- _Task directions_
In your copy, include every entry exactly as written but no pictures.

- _Data to use_
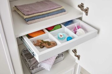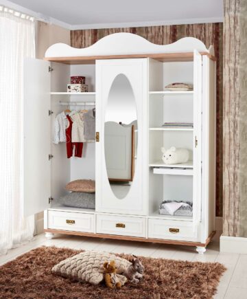 Elegantna in precizno oblikovana kolekcija Tina ob vizualni izpopolnjenosti izstopa tudi s funkcionalno in prostorno zasnovo. Sestavljajo jo sodobno oblikovani izdelki, delujoči na mehanizem mehkega in tihega zapiranja. Elegantno zaobljenost dopolnjuje in ščiti ABS robni trak. Obešalna palica garderobne omare vsebuje LED svetilo na senzor.
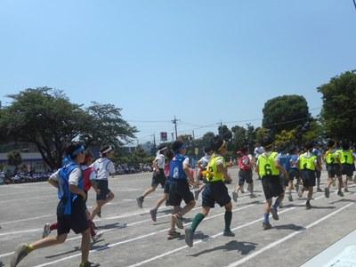 「体育祭のその日は太陽が地面を焦がすように照り付け、風は砂塵を高く巻き上げ、雲は激しい風に流されていた。その様子は、私たちの活気・熱気に触発されたかの様であった。誰もが一番高きところにある優勝に手を伸ばし、我がH1Bもその一つであった・・・・・」(学年通信"さわやか"に掲載された高1生徒のコメントより)
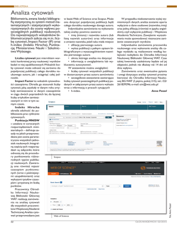 BIBLIOTEKA Analiza cytowań w bazie Web of Science oraz Scopus. Może ona dotyczyć pojedynczej publikacji, bądź całego dorobku naukowego danego autora. Indywidualne zamówienie na wykonanie takiej analizy powinno zawierać: • imię (imiona) i nazwisko autora (lub listę nazwisk autorów) oraz informacje o zmianie nazwiska, jeżeli taka miała miejsce • afiliację pierwszego autora • wykaz publikacji z pełnym opisem bibliograficznym z wyszczególnieniem nazwiska pierwszego autora • okres, którego analiza ma dotyczyć • informację o uwzględnieniu lub wykluczeniu autocytowań. W zestawienie można uwzględnić: • liczbę cytowań wszystkich publikacji w dostarczonym przez autora zamówieniu • szczegółowe zestawienie zawierające liczbę cytowań poszczególnych publikacji podanych w załączonym przez autora wykazie wraz z informacją o pracach cytujących • h-index. Liczba cytowań jest miernikiem wartości konkretnej pracy naukowej i wyników badań w niej opublikowanych.Wskaźnik liczby cytowań może odnosić się zarówno do pojedynczej publikacji, całego dorobku naukowego autora, jak i osiągnięć całej jednostki. Impact Factor to wskaźnik cytowalności czasopisma. Określa go stosunek liczby cytowań, jaką uzyskały w danym roku artykuły zamieszczone w danym czasopiśmie w ciągu dwóch poprzednich lat, do łącznej liczby artykułów zamieszczonych w nim w tym samym czasie. Indeks Hirscha określa zdolność do publikowania prac cyklicznie cytowanych. Punktacja MNiSW – ustalana w corocznych rozporządzeniach ministerialnych – definiuje zasady na jakich przeprowadzana jest ocena parametryczna wszystkich jednostek naukowych. Integralną częścią tych rozporządzeń są załączniki, które odnoszą się do procedury punktowania różnoScopus rodnych typów publikacji naukowych. Zawierają one również rejestr czasopism punktowanych (wraz z późniejszymi uzupełnieniami) oraz wykazami tytułów czasopism i przyznaną im liczbą punktów. Pracownicy Ośrodka Informacji Naukowej Biblioteki Głównej WAT realizują zamówienia na analizę cytowań dla wszystkich pracowników Wojskowej Akademii Technicznej.Analiza cytowań przeprowadzana jest Web of Science 32 W przypadku niedostarczenia wyżej wymienionych danych, analiza zostanie oparta wyłącznie o dane osobowe (nazwisko, imię) oraz jedną afiliację (również w języku angielskim), czyli wyłącznie publikacji – Wojskowa Akademia Techniczna. Zawężenie wyszukiwania może spowodować nieznaczne zaniżenie ostatecznych wyników. Indywidualne zamówienia pracownika naukowego oraz wykonanie analizy dla całego wydziału są realizowane według kolejności nadsyłania do Ośrodka Informacji Naukowej Biblioteki Głównej WAT. Czas takiej kwerendy uzależniony będzie od jej objętości, jednak nie dłuższy niż 14 dni od dnia wpływu. Zamówienia oraz ewentualne pytania i uwagi dotyczące analizy cytowań prosimy kierować do Ośrodka Informacji Naukowej BG WAT (I piętro, pokój 215), tel.: /22/ 261839396; e-mail: [email protected] Anna Peszel Fot. Anna Peszel Bibliometria, zwana kiedyś bibliografią statystyczną, to system metod matematycznych i statystycznych wykorzystywanych do oceny wpływu poszczególnych publikacji naukowych. Do najważniejszych wskaźników bibliometrycznych zalicza się m.in.: liczbę cytowań, Impact Factor (IF) oraz h-index (Indeks Hirscha), Punktację Ministerstwa Nauki i Szkolnictwa Wyższego. GŁOS AKADEMICKI 02/2015
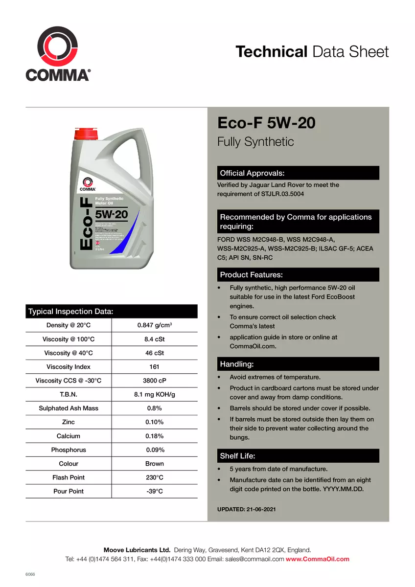 Моторное масло Сomma ECO-F 5W-20 API SN, SN-RC; ACEA C5 5л (4шт/уп)
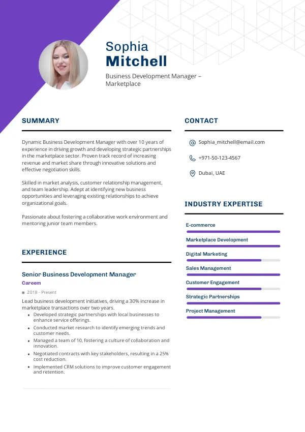 In 2026, the role of Business Development Manager in the UAE's e-commerce marketplace is set to evolve significantly. With the rise of AI-driven analytics and customer engagement platforms, professionals in this role will need to leverage data insights to drive strategic partnerships and sales growth. TrueCV can help you align your resume with these evolving expectations, ensuring you stand out in a competitive job market.
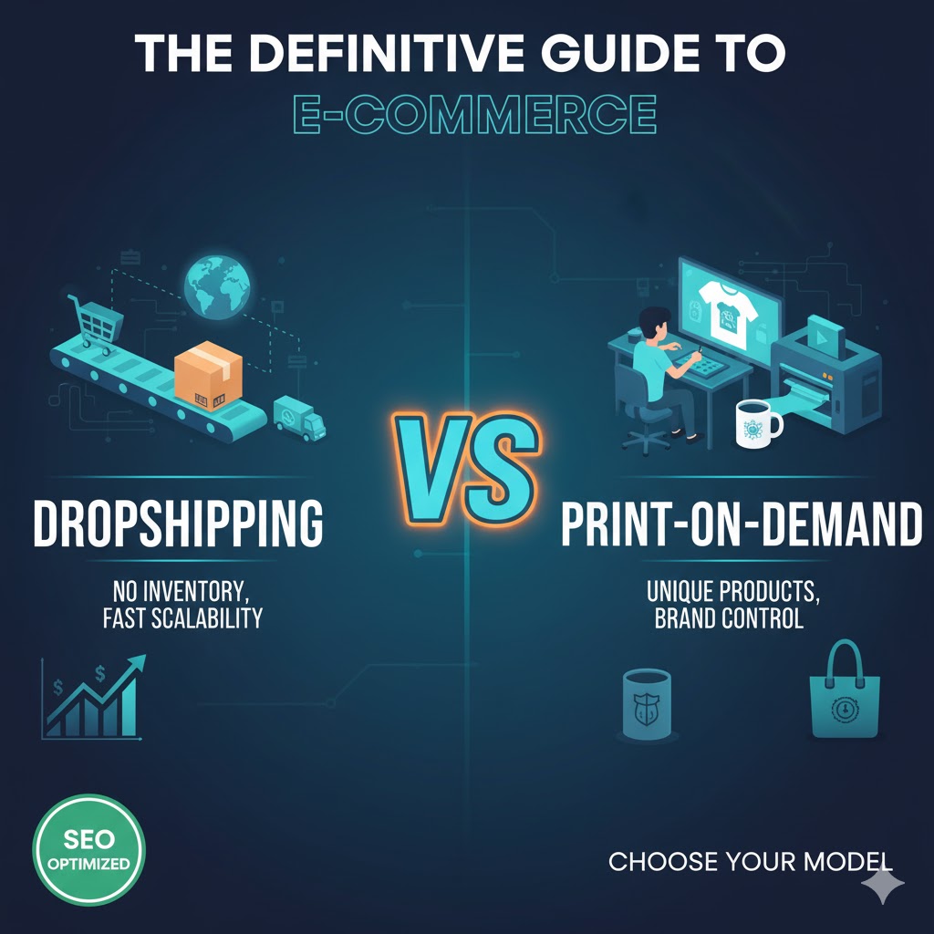 Discover the key differences between dropshipping and print-on-demand. Learn which e-commerce model suits your goals for profit, branding, and scalability.
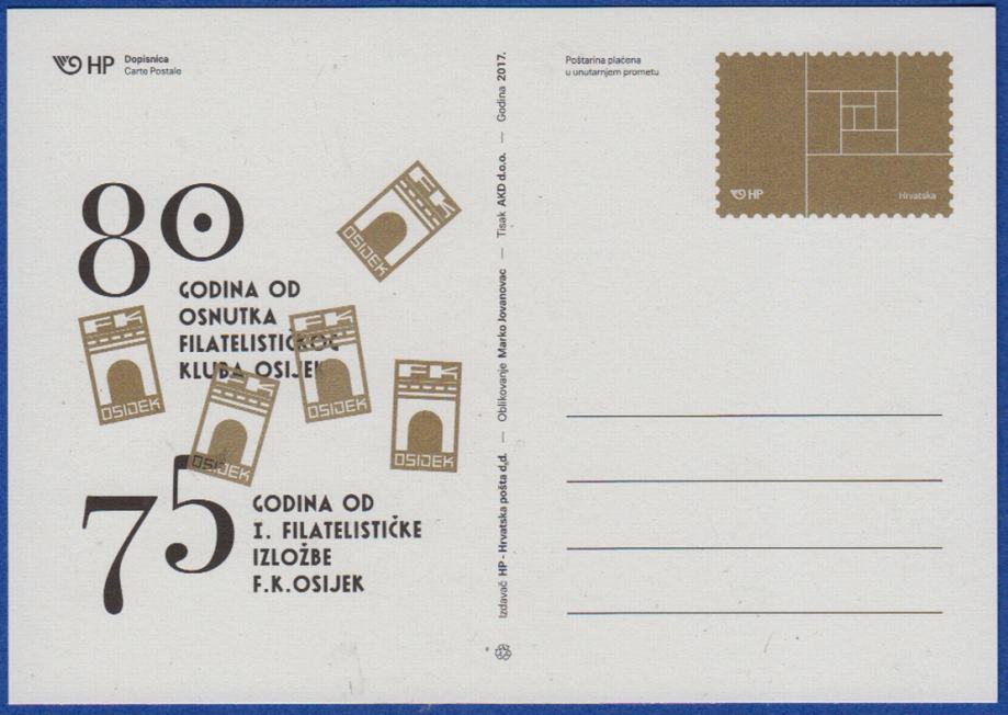 HR DOPISNICA 2017. 80 g. FILATELIJA OSIJEK
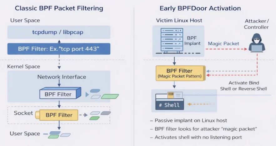This unconventional Linux malware abuses Berkeley Packet Filter (BPF) functionality to inspect network traffic directly inside the kernel, and passively listens for specially crafted network packets (aka “magic packets”) that will activate it.
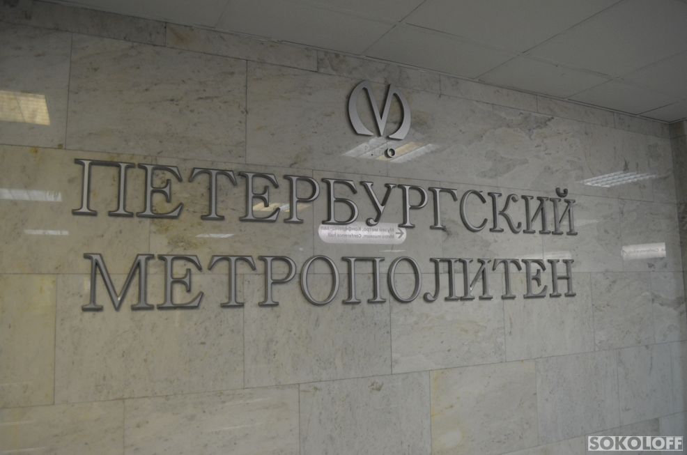 В отражении, между словами "ПЕТЕРБУРГСКИЙ" и "МЕТРОПОЛИТЕН", можно прочитать надпись на указателе: "<- Музей метро. Конференц-Зал".
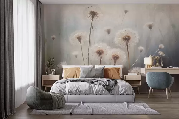 Fototapet Focalizare moale flori de păpădie într-un câmp, cu un fundal neclar pastel colorat texturat Nr. w08432
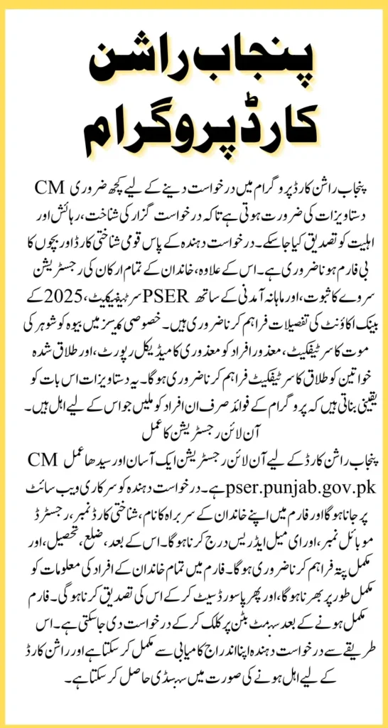 The registration process for the CM Punjab Rashan Card and Punjab Rashan Card Program is designed to be simple and efficient.
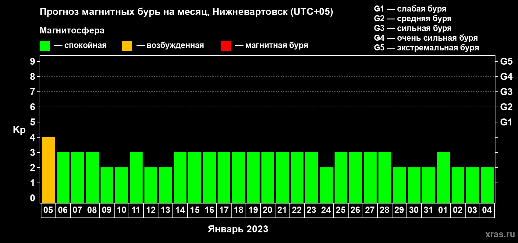 Прогноз магнитных бурь в Нижневартовске на 5 января 2023 года
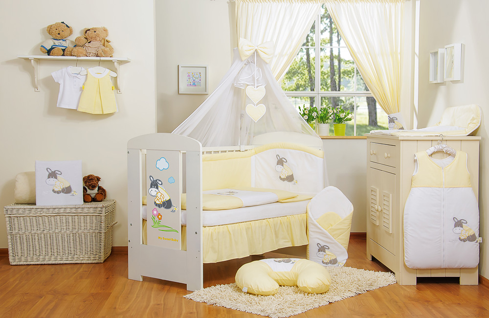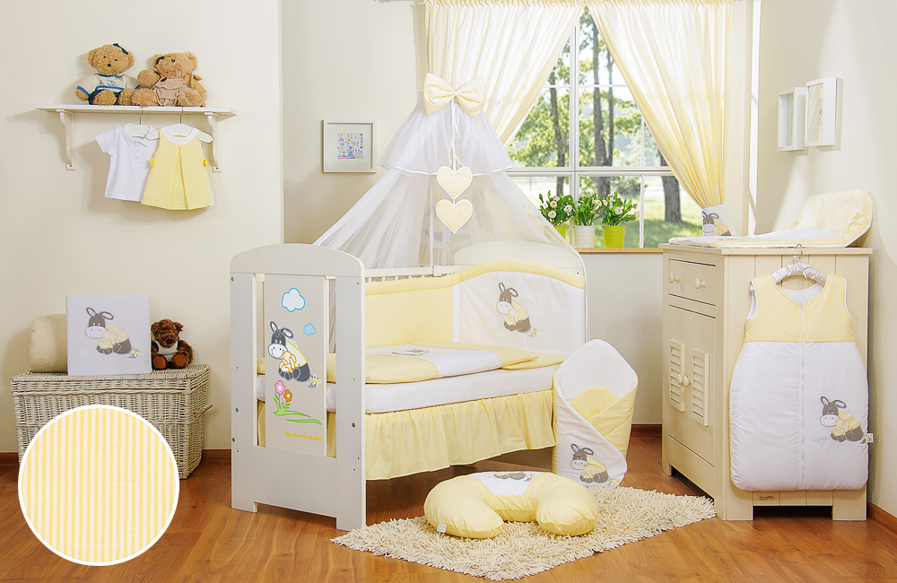 Stubenwagen » Bettwäsche für Babys » Bettwäsche für Babybett ESEL LUCA » Bettwäsche Sets für Babybett 120cm » Bedding Set 11-pcs mit Moskitonetz » Bettwäsche Set 11-tlg mit Moskitonetz - Esel Luca gelb
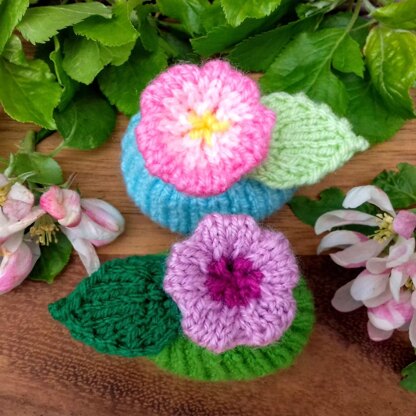 They are quickly and easily knitted using straight needles and odds-and-ends of coloured DK yarn.

- _Finished task_
 Elegantna in precizno oblikovana kolekcija Tina ob vizualni izpopolnjenosti izstopa tudi s funkcionalno in prostorno zasnovo. Sestavljajo jo sodobno oblikovani izdelki, delujoči na mehanizem mehkega in tihega zapiranja. Elegantno zaobljenost dopolnjuje in ščiti ABS robni trak. Obešalna palica garderobne omare vsebuje LED svetilo na senzor.
 「体育祭のその日は太陽が地面を焦がすように照り付け、風は砂塵を高く巻き上げ、雲は激しい風に流されていた。その様子は、私たちの活気・熱気に触発されたかの様であった。誰もが一番高きところにある優勝に手を伸ばし、我がH1Bもその一つであった・・・・・」(学年通信"さわやか"に掲載された高1生徒のコメントより)
 BIBLIOTEKA Analiza cytowań w bazie Web of Science oraz Scopus. Może ona dotyczyć pojedynczej publikacji, bądź całego dorobku naukowego danego autora. Indywidualne zamówienie na wykonanie takiej analizy powinno zawierać: • imię (imiona) i nazwisko autora (lub listę nazwisk autorów) oraz informacje o zmianie nazwiska, jeżeli taka miała miejsce • afiliację pierwszego autora • wykaz publikacji z pełnym opisem bibliograficznym z wyszczególnieniem nazwiska pierwszego autora • okres, którego analiza ma dotyczyć • informację o uwzględnieniu lub wykluczeniu autocytowań. W zestawienie można uwzględnić: • liczbę cytowań wszystkich publikacji w dostarczonym przez autora zamówieniu • szczegółowe zestawienie zawierające liczbę cytowań poszczególnych publikacji podanych w załączonym przez autora wykazie wraz z informacją o pracach cytujących • h-index. Liczba cytowań jest miernikiem wartości konkretnej pracy naukowej i wyników badań w niej opublikowanych.Wskaźnik liczby cytowań może odnosić się zarówno do pojedynczej publikacji, całego dorobku naukowego autora, jak i osiągnięć całej jednostki. Impact Factor to wskaźnik cytowalności czasopisma. Określa go stosunek liczby cytowań, jaką uzyskały w danym roku artykuły zamieszczone w danym czasopiśmie w ciągu dwóch poprzednich lat, do łącznej liczby artykułów zamieszczonych w nim w tym samym czasie. Indeks Hirscha określa zdolność do publikowania prac cyklicznie cytowanych. Punktacja MNiSW – ustalana w corocznych rozporządzeniach ministerialnych – definiuje zasady na jakich przeprowadzana jest ocena parametryczna wszystkich jednostek naukowych. Integralną częścią tych rozporządzeń są załączniki, które odnoszą się do procedury punktowania różnoScopus rodnych typów publikacji naukowych. Zawierają one również rejestr czasopism punktowanych (wraz z późniejszymi uzupełnieniami) oraz wykazami tytułów czasopism i przyznaną im liczbą punktów. Pracownicy Ośrodka Informacji Naukowej Biblioteki Głównej WAT realizują zamówienia na analizę cytowań dla wszystkich pracowników Wojskowej Akademii Technicznej.Analiza cytowań przeprowadzana jest Web of Science 32 W przypadku niedostarczenia wyżej wymienionych danych, analiza zostanie oparta wyłącznie o dane osobowe (nazwisko, imię) oraz jedną afiliację (również w języku angielskim), czyli wyłącznie publikacji – Wojskowa Akademia Techniczna. Zawężenie wyszukiwania może spowodować nieznaczne zaniżenie ostatecznych wyników. Indywidualne zamówienia pracownika naukowego oraz wykonanie analizy dla całego wydziału są realizowane według kolejności nadsyłania do Ośrodka Informacji Naukowej Biblioteki Głównej WAT. Czas takiej kwerendy uzależniony będzie od jej objętości, jednak nie dłuższy niż 14 dni od dnia wpływu. Zamówienia oraz ewentualne pytania i uwagi dotyczące analizy cytowań prosimy kierować do Ośrodka Informacji Naukowej BG WAT (I piętro, pokój 215), tel.: /22/ 261839396; e-mail: [email protected] Anna Peszel Fot. Anna Peszel Bibliometria, zwana kiedyś bibliografią statystyczną, to system metod matematycznych i statystycznych wykorzystywanych do oceny wpływu poszczególnych publikacji naukowych. Do najważniejszych wskaźników bibliometrycznych zalicza się m.in.: liczbę cytowań, Impact Factor (IF) oraz h-index (Indeks Hirscha), Punktację Ministerstwa Nauki i Szkolnictwa Wyższego. GŁOS AKADEMICKI 02/2015
 Моторное масло Сomma ECO-F 5W-20 API SN, SN-RC; ACEA C5 5л (4шт/уп)
 In 2026, the role of Business Development Manager in the UAE's e-commerce marketplace is set to evolve significantly. With the rise of AI-driven analytics and customer engagement platforms, professionals in this role will need to leverage data insights to drive strategic partnerships and sales growth. TrueCV can help you align your resume with these evolving expectations, ensuring you stand out in a competitive job market.
 Discover the key differences between dropshipping and print-on-demand. Learn which e-commerce model suits your goals for profit, branding, and scalability.
 HR DOPISNICA 2017. 80 g. FILATELIJA OSIJEK
This unconventional Linux malware abuses Berkeley Packet Filter (BPF) functionality to inspect network traffic directly inside the kernel, and passively listens for specially crafted network packets (aka “magic packets”) that will activate it.
 В отражении, между словами "ПЕТЕРБУРГСКИЙ" и "МЕТРОПОЛИТЕН", можно прочитать надпись на указателе: "<- Музей метро. Конференц-Зал".
 Fototapet Focalizare moale flori de păpădie într-un câmp, cu un fundal neclar pastel colorat texturat Nr. w08432
 The registration process for the CM Punjab Rashan Card and Punjab Rashan Card Program is designed to be simple and efficient.
 Прогноз магнитных бурь в Нижневартовске на 5 января 2023 года
 Stubenwagen » Bettwäsche für Babys » Bettwäsche für Babybett ESEL LUCA » Bettwäsche Sets für Babybett 120cm » Bedding Set 11-pcs mit Moskitonetz » Bettwäsche Set 11-tlg mit Moskitonetz - Esel Luca gelb
 They are quickly and easily knitted using straight needles and odds-and-ends of coloured DK yarn.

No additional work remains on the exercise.